Sábado à noite, exausta, como muitos de nós estão. O confinamento remói a gente por dentro, mas é algo que vai além disso. É uma cascata de erros, mortes anunciadas e nenhuma chama fraca de um fósforo no fim do túnel.
No início do mês (estamos em abril), minha vida deu umas reviravoltas (por opção).

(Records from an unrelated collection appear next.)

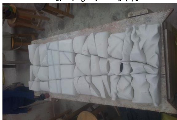
شكل (٦) مرحلة تجميع القوالب الحجر بعد الانتهاء من التشكيل
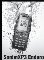
Sonim XP3 Enduro
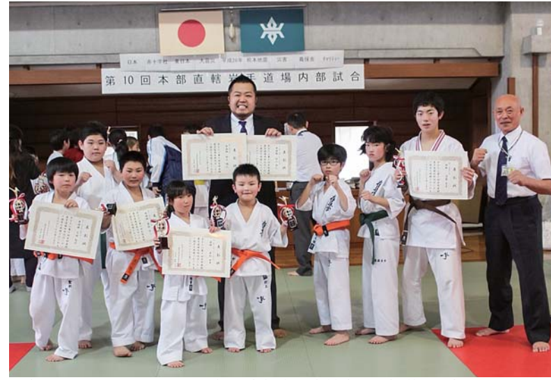
数多くの上位入賞を果たした極真会館本部直轄岩手道場葛巻道場の皆さん

国際空手道連盟極真会館本部直轄岩手道場の第10回内部試合は3月4日、県営武道館で県内の各道場から約60人が参加し開催されました。葛巻道場からは5歳から中学校3年生までの9人が出場。入門して1~2年と日が浅い小学校低学年以下の子どもたちが上位入賞を果たす活躍ぶりを見せました。
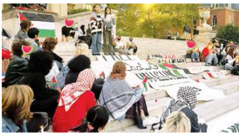
طلاب جامعة كولومبيا خلال أسبوعهم الاحتجاجى تضامناً مع غزة

نفذته حركة حماس فى ٧ أكتوبر على إسرائيل وشكل شرارة اندلاع الحرب فى قطاع غزة، قد تكون حدثاً مثيراً للاضطرابات. وكشفت استطلاع رأى من مؤسسة «إيه آر دى» الألمانية، مؤخراً، عن تزايد فى الموقف المناهض للحرب الإسرائيلىة على قطاع غزة بين الألمان، حيث أشار إلى أن ٥٧٪ من المشاركين يعتقدون أن رد إسرائيل على هجمات ٧ أكتوبر كان مبالغاً فيه. وفى سياق استمرار حراكهم التضامنى مع الشعب الفلسطينى، ورفض العدوان على قطاع غزة، بدأ طلاب جامعة كولومبيا، بولاية نيويورك الأمريكية، قراءة ٢٣٦٠ اسماً استشهادياً فى قطاع غزة خلال عدوان الاحتلال المتواصل منذ عام تكريماً لهم، وتأكيداً على أنهم ليسوا مجرد أرقام.
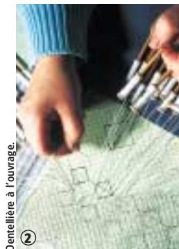
Dentellière à l'ouvrage.

Ce circuit s'adresse au promeneur et à la famille dans sa version courte, au randonneur averti dans sa version longue. Le circuit 10 km est entièrement macadamisé. Il est donc praticable, à pied sec, toute l'année. Le dénivelé cumulé positif pour le circuit 14 km est d'environ 125 m.
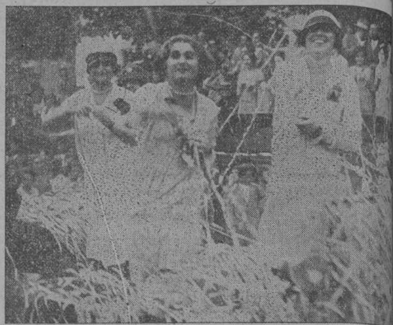
DE LA BATALLA DE FLORES DE LAREDO.—Bellísimas santanderinas durante el animado festival.

La noche última la pasó muy intranquilo. Su estado inspira temores, porque, al parecer, la enfermedad de ahora es una recaída de la que le aquejó en la capital andaluza. La familia ha llamado al doctor Jiménez, de Sevilla, que actualmente se halla en San Sebastián.
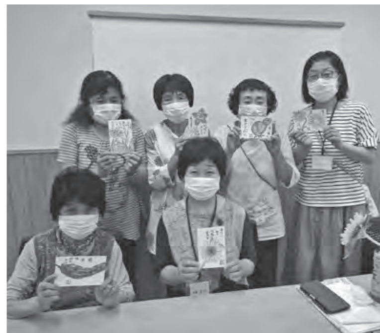
心を込めて描きました。「誰かに送ってみようかなあ」
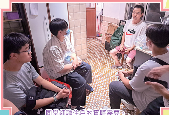
同學細聽住戶的實際需要。
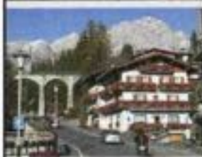
Alcuni scatti panoramici e particolari dal centro di Cortina d'Ampezzo

È lei la Regina delle Dolomiti, Cortina d'Ampezzo, che affascina e ammalia chiunque, circondata dal ricordo dello sfarzo d'altri tempi e che vive tutt'oggi tra i party esclusivi e gli après ski nei luoghi più iconici. Pote da urlo come la Vertigine Bianca oppure la pista Olimpia delle Tofane dove ogni anno le atlete della Coppa del Mondo di sci alpino si lanciano lungo una gola innevata fino a raggiungere i 140 km/h di velocità. Insomma, sfarzo e un po' di follia che ti inebriano la mente. Cortina rimane e rimarrà sempre nel tempo certamente per le sue magnifiche piste da sci ma anche per le numerose proposte culturali durante tutto l'anno. Qualche esempio? Cortinametraggio, Dolomiti Film Festival, Una Montagna di Libri e i numerosi concerti.
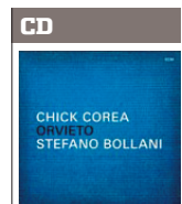
Chick Corea & Stefano Bollani: Orvieto
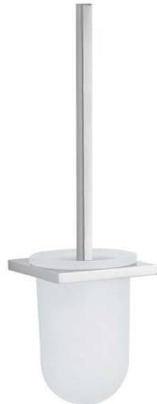
730005 WC-Bürstengarnitur Toilet Brush Holder Satinirtes Glas - Iced Glass
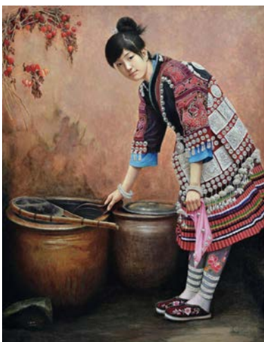
Іл. 5. Цун Жуйсюань, «Дівчина в сезоні квітів», 2014. Олія, 136х105см. Місце зберігання: приватна колекція. Китай
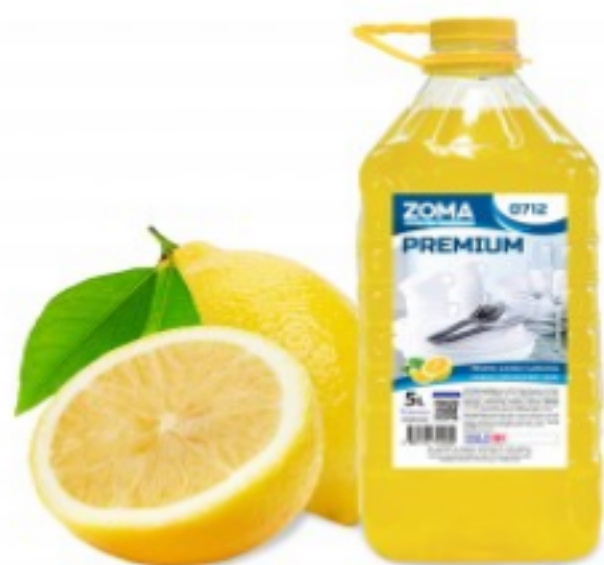
Zoma Premium ლიმონი

13.89 ლ ჭურჭლის სარეცხი საშუალება (ფელე) 5ლ შეკვეთის მინ. რაოდ: 1 შეკვეთის მაქს. რაოდ: 10 ID: 4860121740621

Resolvi, no meio do pântano, oferecer um curso de leitura de poesia, com um preço razoável e número de participantes limitado, para que nosso maior ganho fosse a conversa.
O primeiro encontro foi realizado hoje e, apesar de não conseguir juntar muito as palavras, estou eternamente grata aos participantes e realizada. A poesia foi nosso assunto principal, portanto. Compartilhamos nossas experiências de leitores ou aspirantes a leitores do gênero, compartilhamos aquilo que mais nos toca e nos mobiliza. Para mim, esse é um dos sentidos da palavra comunidade.
Tenho tido dificuldade em me apegar a determinadas leituras, embora tenha concluído alguns livros nos últimos dias (O processo; Eu, Tituba: bruxa negra de Salém e Segredos, para citar alguns). Mesmo insistindo nesse exercício que liberta, sinto que estou cansada fisicamente para continuar.
O que me levou a pensar que, talvez, seja tempo de poesia. Reler minhas poetas favoritas, fazer o poema ressoar aqui dentro e deixar marcas através de seus versos-lâminas. O tempo circular da poesia há de acalmar todas essas angústias que tenho sentido.
Como sempre, preparei uma seleção de poemas, excertos de poemas, versos pungentes, para que possamos vivenciar essa retirada interior em comunidade.
Seguimos.
Enterros
partos
famílias
operações
doenças
revistas à portuguesa
o mesmo Tide
lava mais preto
*
Eu sou a luva
e a mão
Adília e eu
quero coincidir
comigo mesma
(Adília Lopes em: Aqui estão as minhas contas: antologia poética, p. 63)
Quem
nos roubou
o prazer
de existir?
Porque
nos roubamos
o prazer
de existir?
(Adília Lopes em: Aqui estão as minhas contas: antologia poética, p. 91) (uma observação aqui: o "por que" da pergunta, em Portugal, se escreve junto).
Ode
O início? O mesmo fim.
O fim? O mesmo início.
Não há fim nem início. Sem história
o ciclo dos dias
vive-nos.
(Orides Fontela, Poesia completa, p. 213).
Para encerrar, um pensamento que ficou me atormentando nos últimos dias:
Busquei dentro da casca
uma certeza
nenhum alimento.
(Suellen Rubira)
Sinto que não disse nada... peço desculpas. Nos vemos na próxima volta dos dias.